Primeiro espetáculo do Teatro das Cabras, A tragédia mais insignificante do mundo coloca em cena a identificação nevrálgica entre uma detetive e a carne caprina
ronildo nóbrega

O que mulheres e cabras têm em comum? Esta é uma das perguntas implícitas que atravessam A tragédia mais insignificante do mundo, o mais recente depoimento feminista da safra de bons espetáculos da cena natalense.
Nesta obra, o grupo traz uma atriz-detetive que, ao investigar um abate caprino nos mínimos detalhes de sua crueldade, começa a identificar-se e a tornar-se ela mesma uma cabra. Como numa investigação criminal que se faz aos poucos a partir da observação e da apuração dos fatos, a dramaturgia do espetáculo se constrói num movimento gradual de clarividência, revelando nesse enredamento uma diluição progressiva dos binômios sujeito/objeto, observador/observado, detetive/cabra e, por último, artista/obra.

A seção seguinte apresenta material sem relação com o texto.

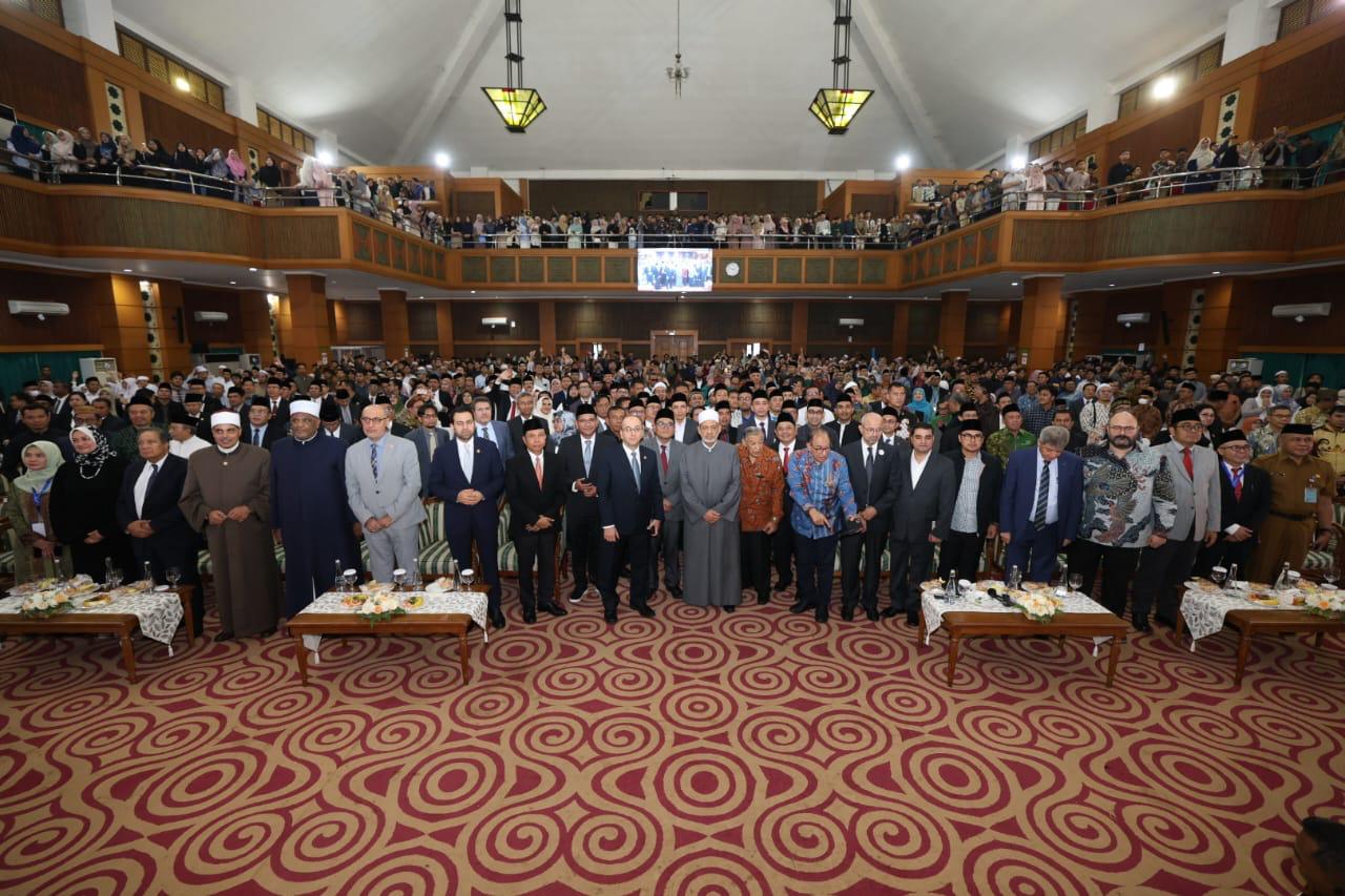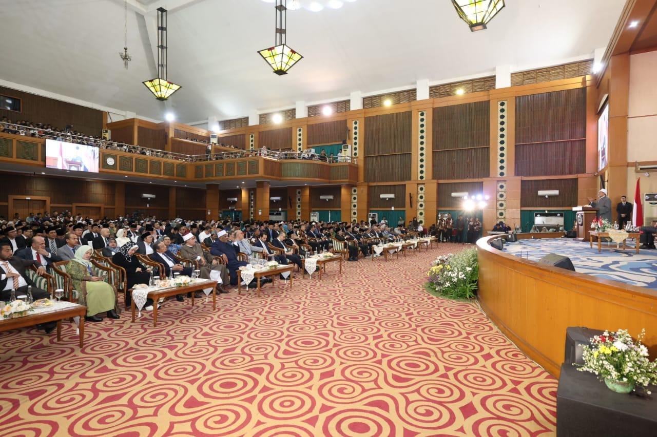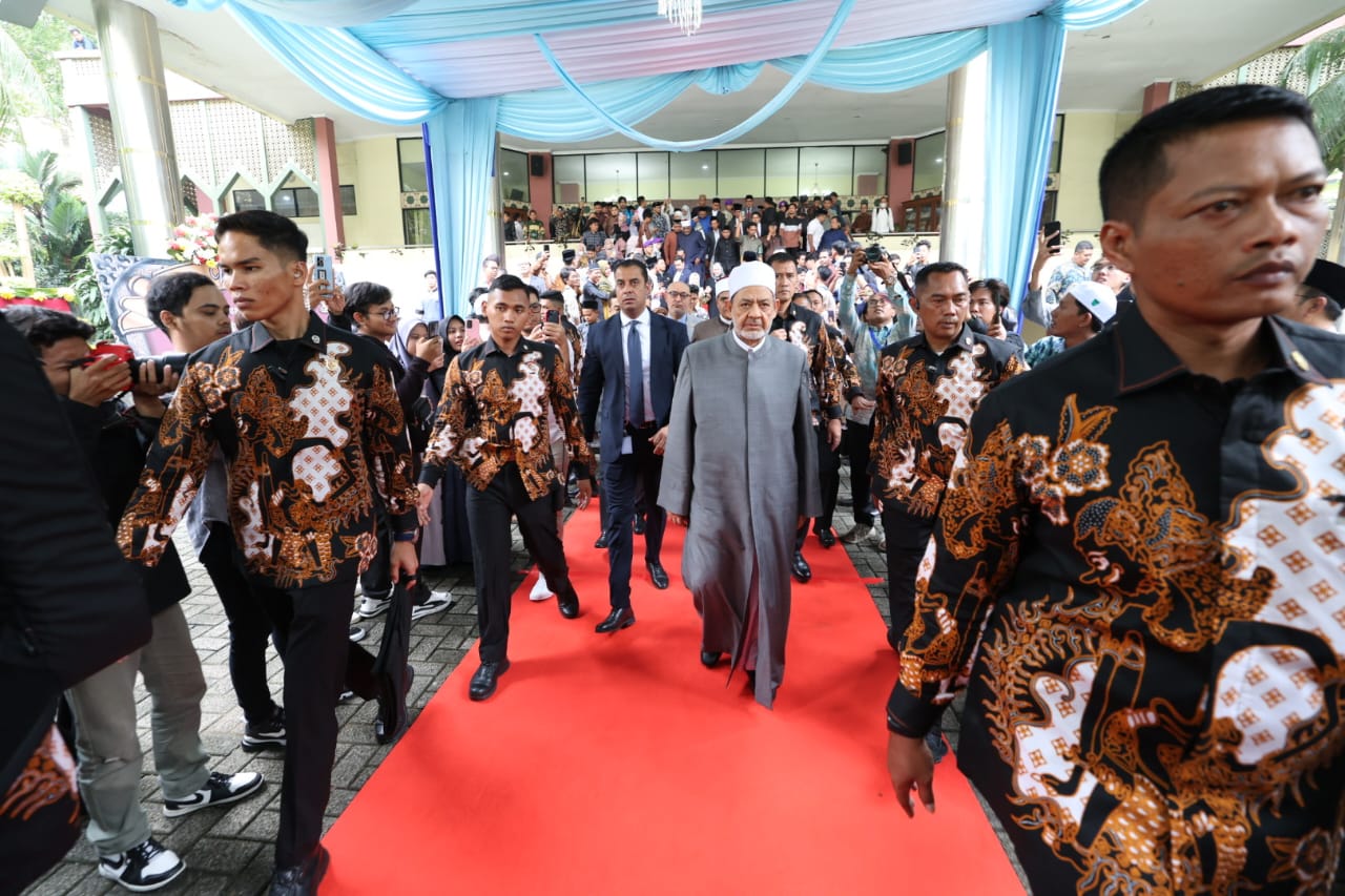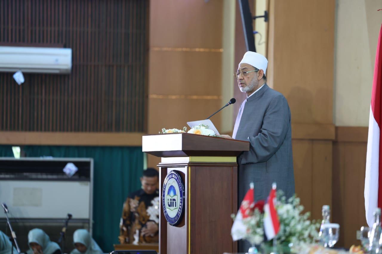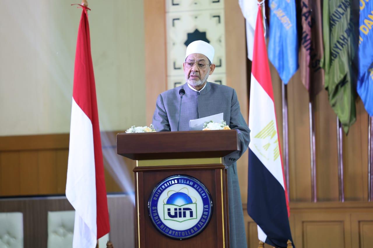 عقدت جامعة شريف هداية الله الإسلامية الحكومية بجاكرتا، لقاءً جماهيريًّا لفضيلة الإمام الأكبر أ.د أحمد الطيب، شيخ الأزهر الشريف، رئيس مجلس حكماء المسلمين، اليوم الثلاثاء، بمناسبة زيارة فضيلته لإندونيسيا، وذلك بحضور أساتذة الجامعة وباحثيها والطلاب الإندونيسيين من مختلف الجامعات، وعدد من الوزراء والسفراء ورؤساء المؤسسات الدينية، وذلك تحت رعاية السيد جوكو ودودو، رئيس جمهورية إندونيسيا.

Indo de um tom enciclopédico à falas densas, do teatro ao metateatro, A tragédia mais insignificante do mundo constrói uma imagem da opressão que subalterniza (e aniquila!) mulheres e cabras. Num espaço que mais parece um abatedouro, a obra desenrola uma ligação potente entre machismo e especismo (a ideia de que o homem – e não a mulher, diga-se de passagem – é superior a todas as outras espécies).
O espetáculo elabora a ideia de que mulheres e cabras são articuladas por uma tecnologia sofisticada de subalternização que lhes tomam por objetos. É assim que a obra coloca uma correspondência entre a forma como são tratadas as mulheres e a forma como são tratados os animais.
É nesse caminho que, sem que se cresçam chifres, cascos ou pelos, a atriz-detetive entra numa intensa relação dialógica com a condição caprina para reconhecer-se ela mesma animalizada/objetificada. O delírio, entendido como uma tentativa de superação dos limites impostos pela realidade, é a condição desse diálogo pois é ele que ativa as terminações nervosas e efetiva um devir-cabra que berra a autonomia do corpo subalternizado.
Diferente do apático Tratados de mim mesma na infertilidade, espetáculo dirigido por Heloísa Sousa à frente da Sociedade T, a encenadora dá aqui um passo em direção ao público em sua poética das sensações. Excluindo-se pequenos detalhes como, por exemplo, uma televisão que não transmite absolutamente nada à construção dos sentidos do espetáculo, A tragédia mais insignificante do mundo resulta em um pacto caprino interessante e cheio de potencialidades para se pensar a condição da opressão que subalterniza mulheres e cabras.